I've noticed for a while that many new investors get quite confused about the difference between shares and participations, so I decided to write this to clarify the landscape.



Look, when you start investing, you come across a bunch of terms that sound similar but actually work in very different ways. The difference between a share and a participation is precisely one of those things that seems simple but has serious implications for your portfolio.

Let's start with the basics. A share is simply a part of a company's capital. When you buy shares, you become a shareholder, which means you own that company in the proportion that corresponds. If your percentage is significant, you have decision-making power.

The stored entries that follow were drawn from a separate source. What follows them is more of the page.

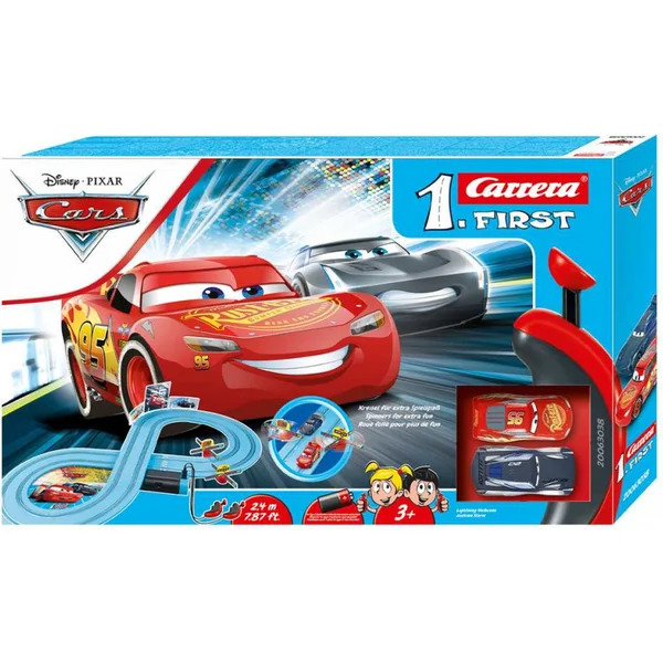La piste de course Carrera FIRST de 2,4 m avec les voitures Flash McQueen et Jackson Storm du film CARS, pour les enfants à partir de 3 ans, fonctionne sur batteries, comprend des lignes droites, des virages, une porte tournante, des manettes et des décorations sur le thème de CARS.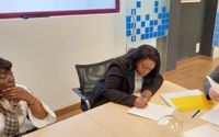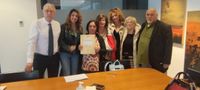 Firma de la cancelación de deuda de nuestra compañera María del Mar, acompañada por Don Valentín Hernández Saro, Ángel Valentín Campos Pavón, Valentyna Putnyk, Angelines Magro y la parte compradora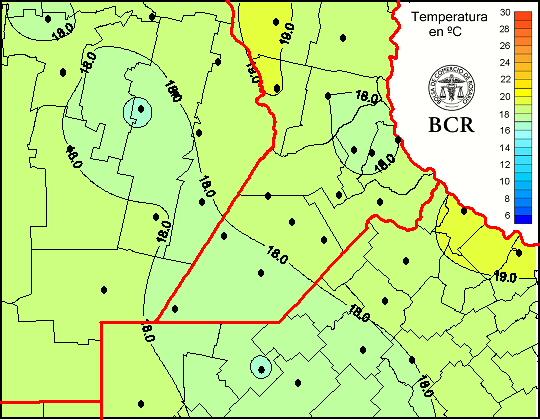 Mapa de temperaturas medias de las las últimas 24 horas.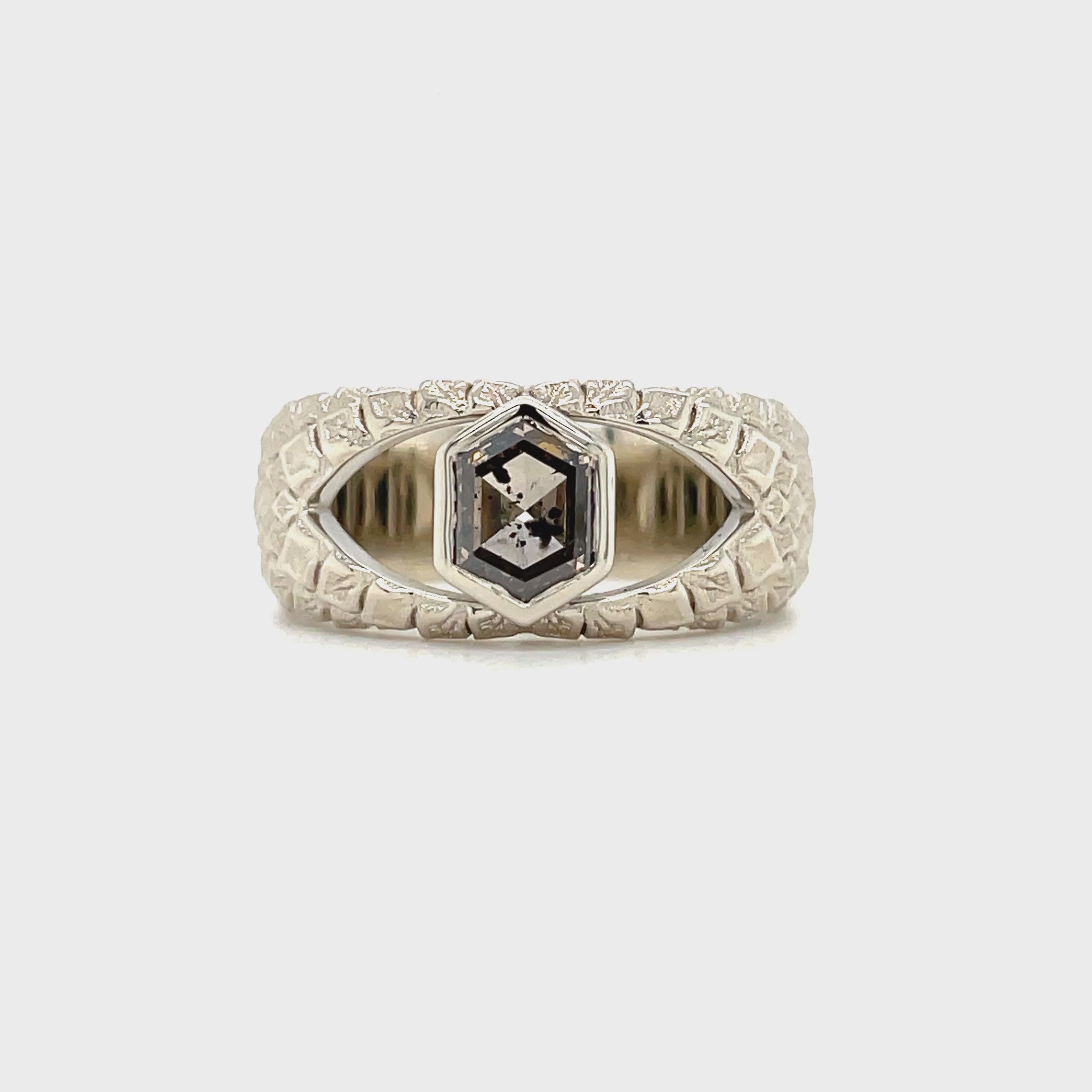 Crafted in 14K unplated white gold, this ring features a 1.16 carat long hexagon rose cut salt and pepper diamond, sourced from Canada. The diamond’s dark gray-brown tone is flecked with a star chart of carbon deposits, like a galaxy of secrets suspended in stone.

If it's small, you're a minority shareholder, although groups of minority shareholders combined can become relevant.

The interesting thing is that as a shareholder, you have specific rights: you receive dividends when the company distributes them, access to financial and legal information, voting rights at meetings, and liquidation rights if the company goes bankrupt. Additionally, if there are capital increases, you have preemptive subscription rights.

Participations, on the other hand, are another animal. Technically, they are also parts of the capital, but this is where the difference between a share and a participation becomes crucial. With a participation, you have the right to dividends, but zero voting rights. Moreover, they are not traded on stock exchanges or regulated markets. This makes them illiquid, and their price is not set by supply and demand but by the company's current accounting situation.

Another important point: shares are only issued by Public Limited Companies (Sociedades Anónimas), but any company can issue participations. And here’s something many overlook: participations have a predetermined duration, not indefinite like shares.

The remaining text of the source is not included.